**What is expected:** Look below for the line containing "두번째로는 한 11년도에" and the line containing "Cheng Moua, X-56A", then set down both and every line between them exactly, without pictures.

**Task data:**
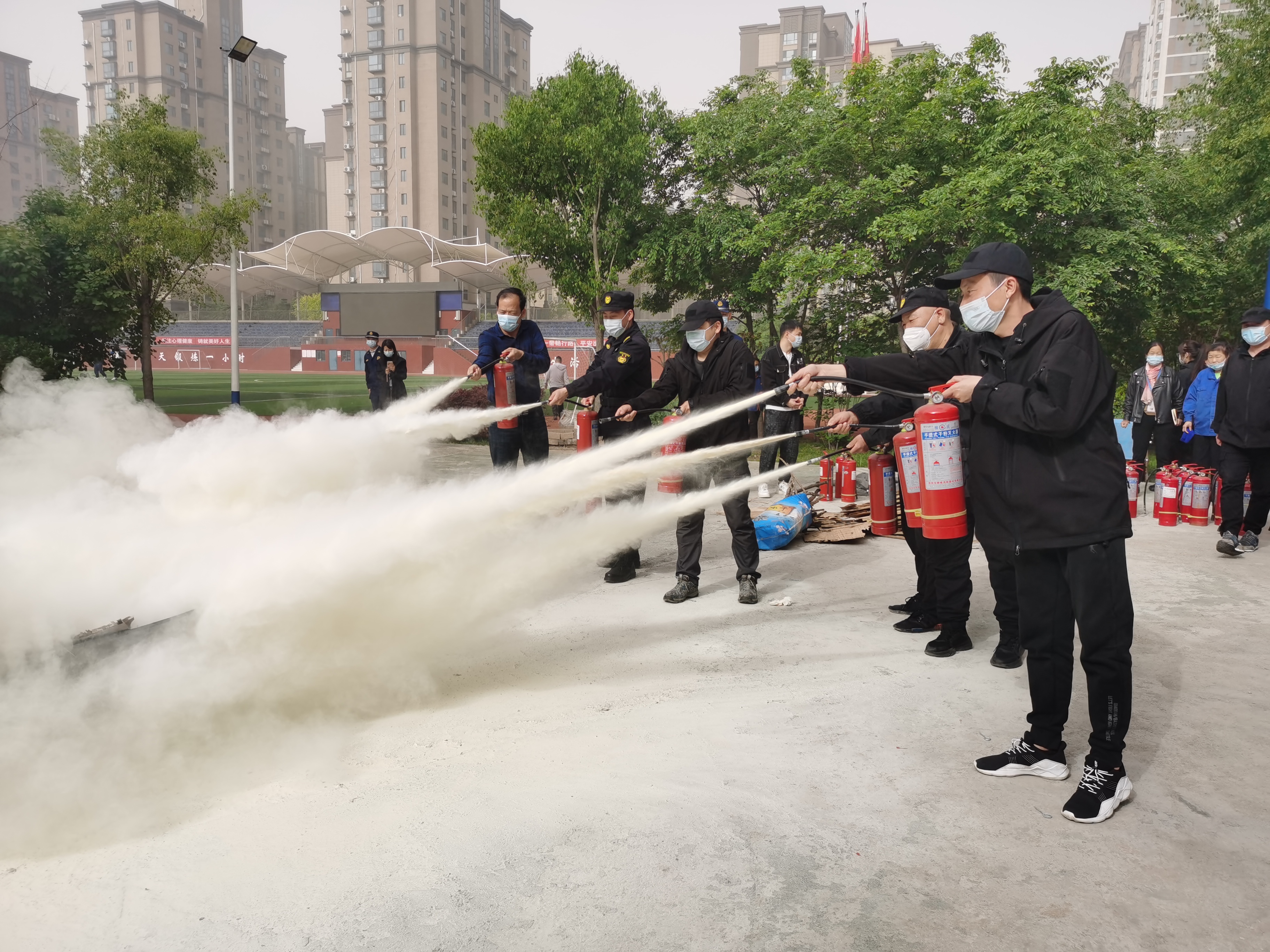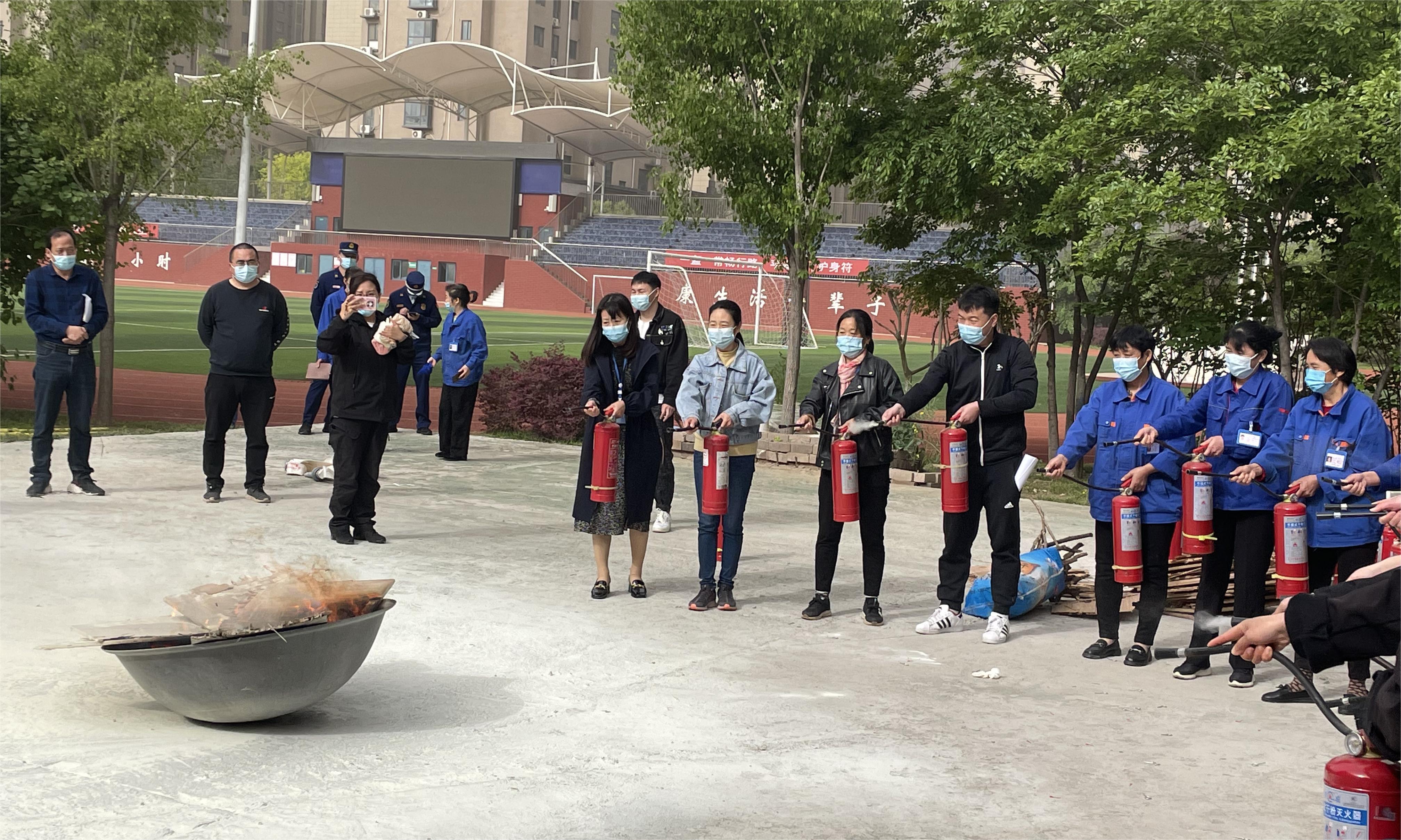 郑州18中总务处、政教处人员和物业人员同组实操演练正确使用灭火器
==
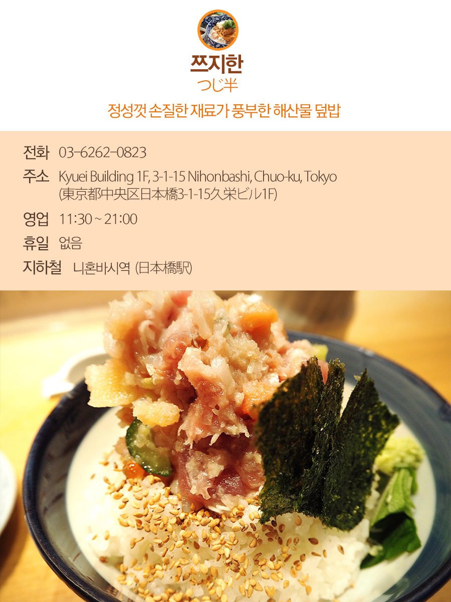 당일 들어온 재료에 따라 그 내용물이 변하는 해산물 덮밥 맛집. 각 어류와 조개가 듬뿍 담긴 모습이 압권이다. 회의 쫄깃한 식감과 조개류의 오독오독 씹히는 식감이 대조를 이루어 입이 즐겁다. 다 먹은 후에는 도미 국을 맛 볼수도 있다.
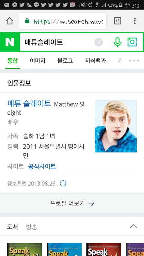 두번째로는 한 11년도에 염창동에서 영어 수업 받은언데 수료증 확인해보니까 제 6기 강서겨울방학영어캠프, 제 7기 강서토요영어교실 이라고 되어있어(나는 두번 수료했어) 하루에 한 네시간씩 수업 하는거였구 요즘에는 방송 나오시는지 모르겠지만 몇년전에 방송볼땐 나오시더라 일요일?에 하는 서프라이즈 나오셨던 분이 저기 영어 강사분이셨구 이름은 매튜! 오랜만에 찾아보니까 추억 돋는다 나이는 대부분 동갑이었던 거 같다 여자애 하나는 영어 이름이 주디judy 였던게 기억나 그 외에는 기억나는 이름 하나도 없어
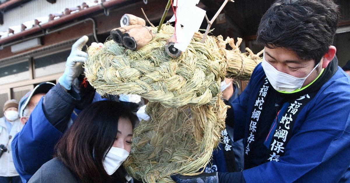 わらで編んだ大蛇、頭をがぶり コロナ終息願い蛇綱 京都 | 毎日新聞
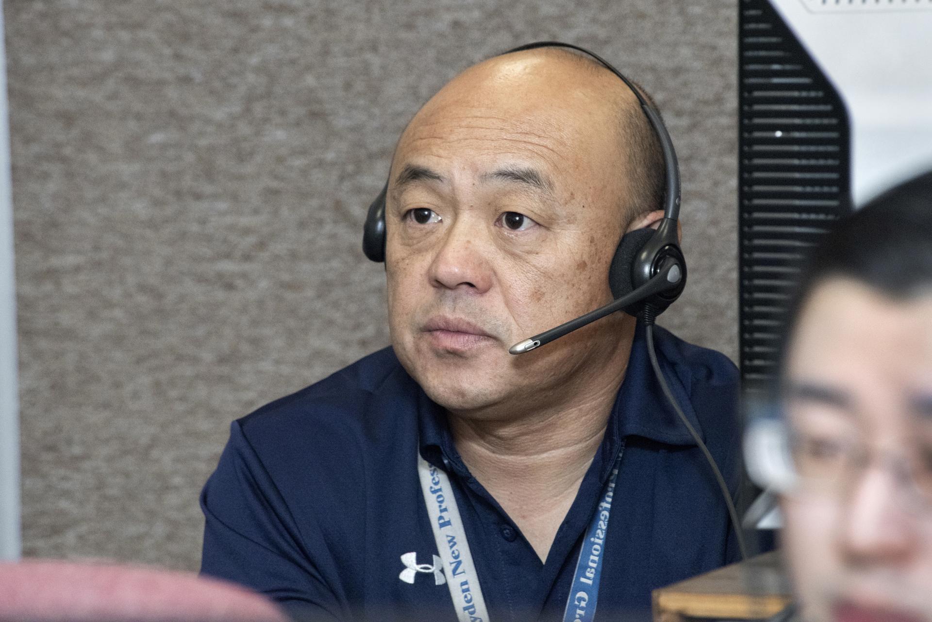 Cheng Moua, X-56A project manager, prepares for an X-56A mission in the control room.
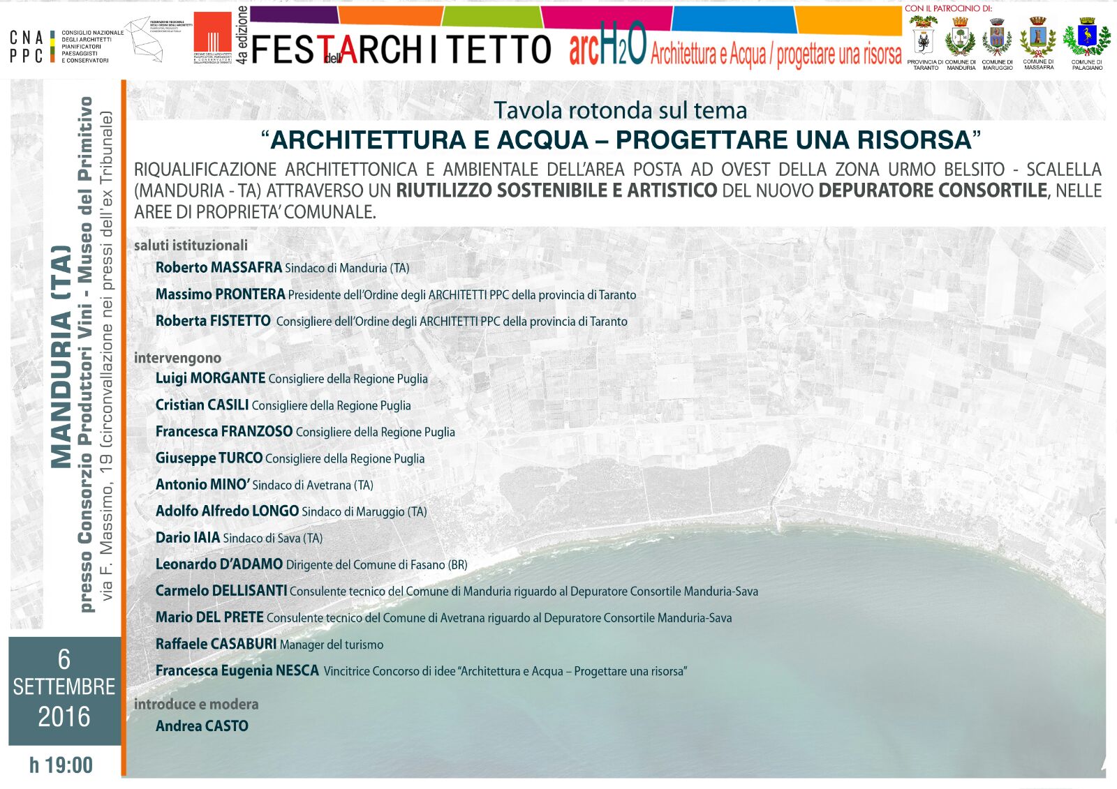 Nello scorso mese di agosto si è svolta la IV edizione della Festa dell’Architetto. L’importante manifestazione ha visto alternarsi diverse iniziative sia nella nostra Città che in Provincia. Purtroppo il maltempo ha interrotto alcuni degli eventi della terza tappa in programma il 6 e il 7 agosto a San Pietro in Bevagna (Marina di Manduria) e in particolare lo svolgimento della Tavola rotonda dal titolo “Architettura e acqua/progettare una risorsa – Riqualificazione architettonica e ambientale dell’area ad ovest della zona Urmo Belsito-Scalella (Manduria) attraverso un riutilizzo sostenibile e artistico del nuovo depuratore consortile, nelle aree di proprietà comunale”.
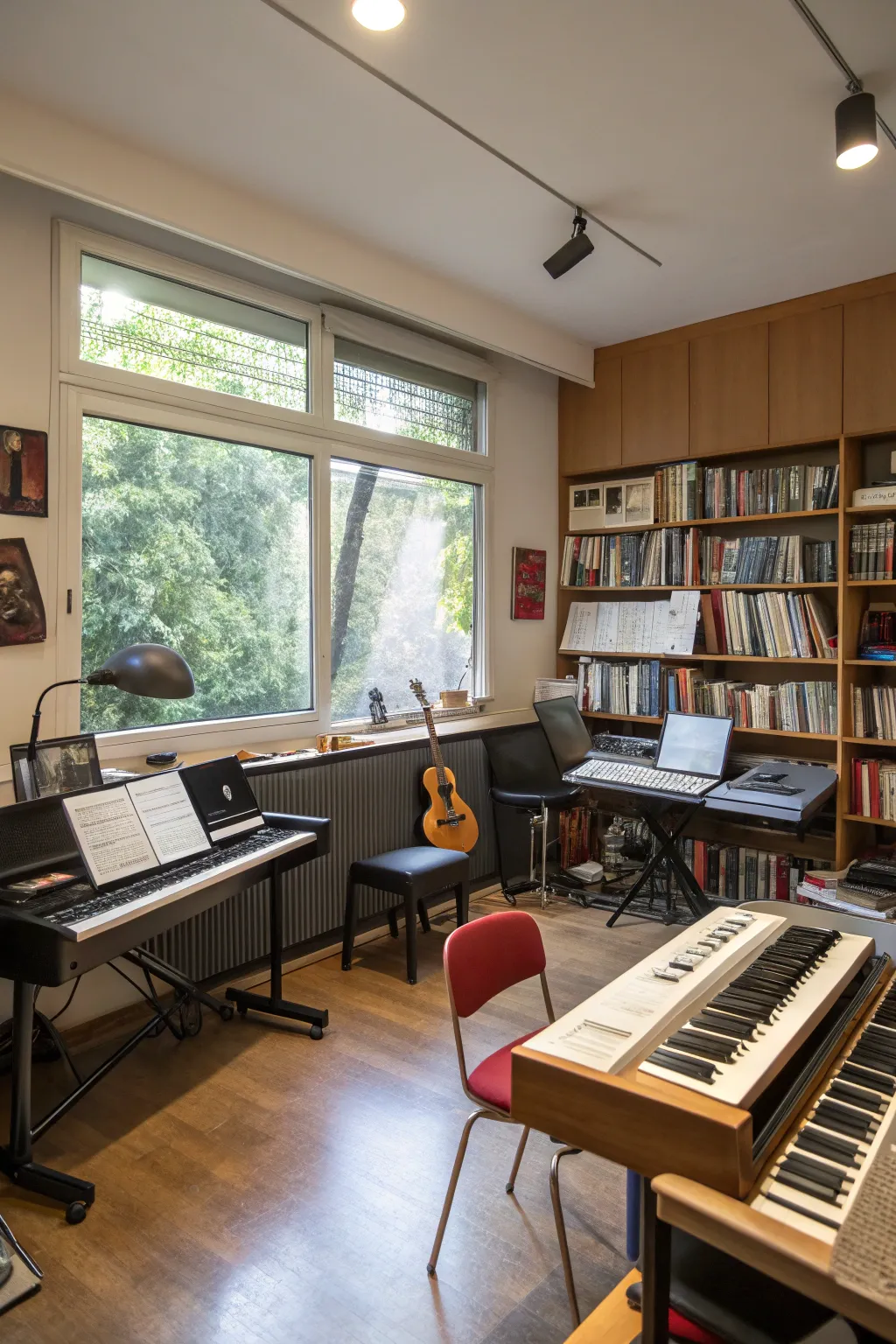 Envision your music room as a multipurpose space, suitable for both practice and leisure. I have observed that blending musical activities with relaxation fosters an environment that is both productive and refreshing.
---
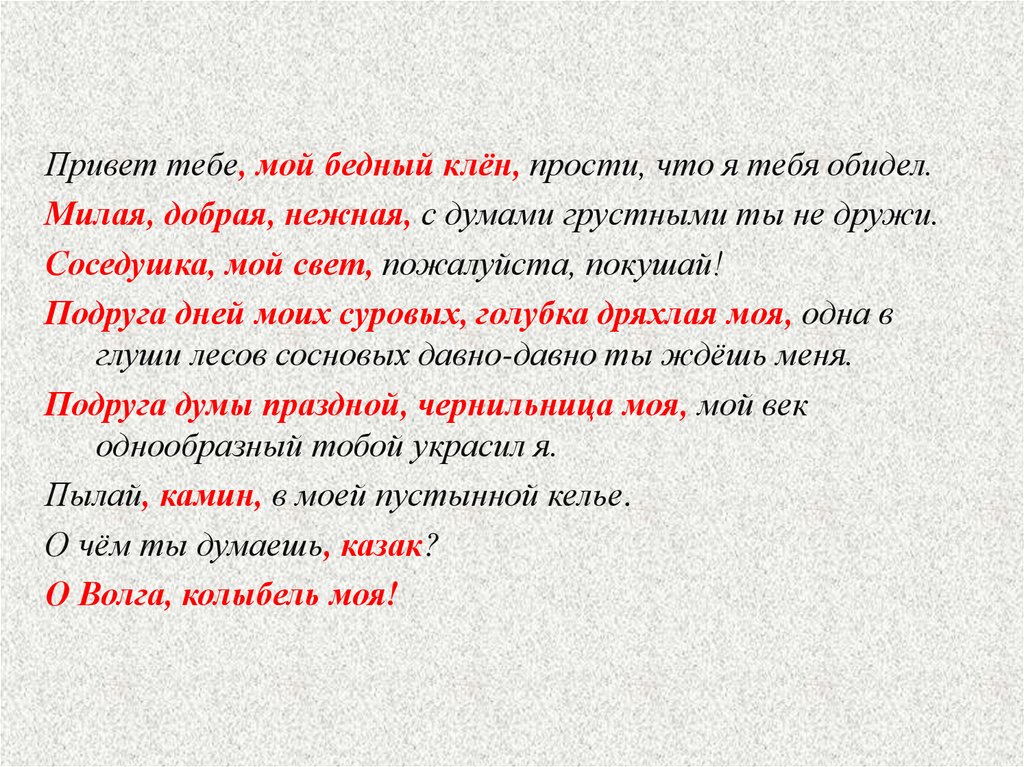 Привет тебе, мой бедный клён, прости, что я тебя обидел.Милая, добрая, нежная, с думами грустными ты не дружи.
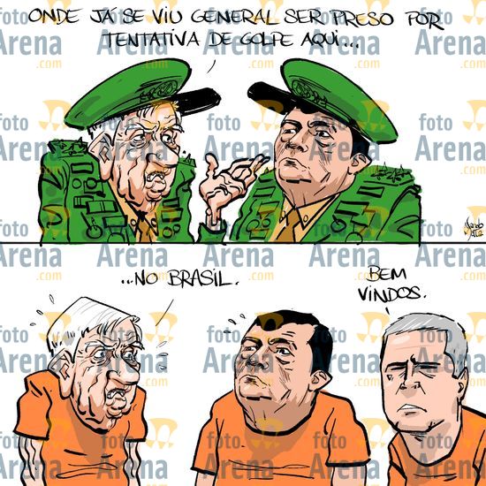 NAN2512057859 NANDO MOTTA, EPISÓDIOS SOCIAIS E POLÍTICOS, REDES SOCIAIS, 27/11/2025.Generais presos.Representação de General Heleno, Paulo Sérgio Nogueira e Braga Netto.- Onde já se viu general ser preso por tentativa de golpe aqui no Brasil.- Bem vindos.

**Answer to the problem:**
 두번째로는 한 11년도에 염창동에서 영어 수업 받은언데 수료증 확인해보니까 제 6기 강서겨울방학영어캠프, 제 7기 강서토요영어교실 이라고 되어있어(나는 두번 수료했어) 하루에 한 네시간씩 수업 하는거였구 요즘에는 방송 나오시는지 모르겠지만 몇년전에 방송볼땐 나오시더라 일요일?에 하는 서프라이즈 나오셨던 분이 저기 영어 강사분이셨구 이름은 매튜! 오랜만에 찾아보니까 추억 돋는다 나이는 대부분 동갑이었던 거 같다 여자애 하나는 영어 이름이 주디judy 였던게 기억나 그 외에는 기억나는 이름 하나도 없어
 わらで編んだ大蛇、頭をがぶり コロナ終息願い蛇綱 京都 | 毎日新聞
 Cheng Moua, X-56A project manager, prepares for an X-56A mission in the control room.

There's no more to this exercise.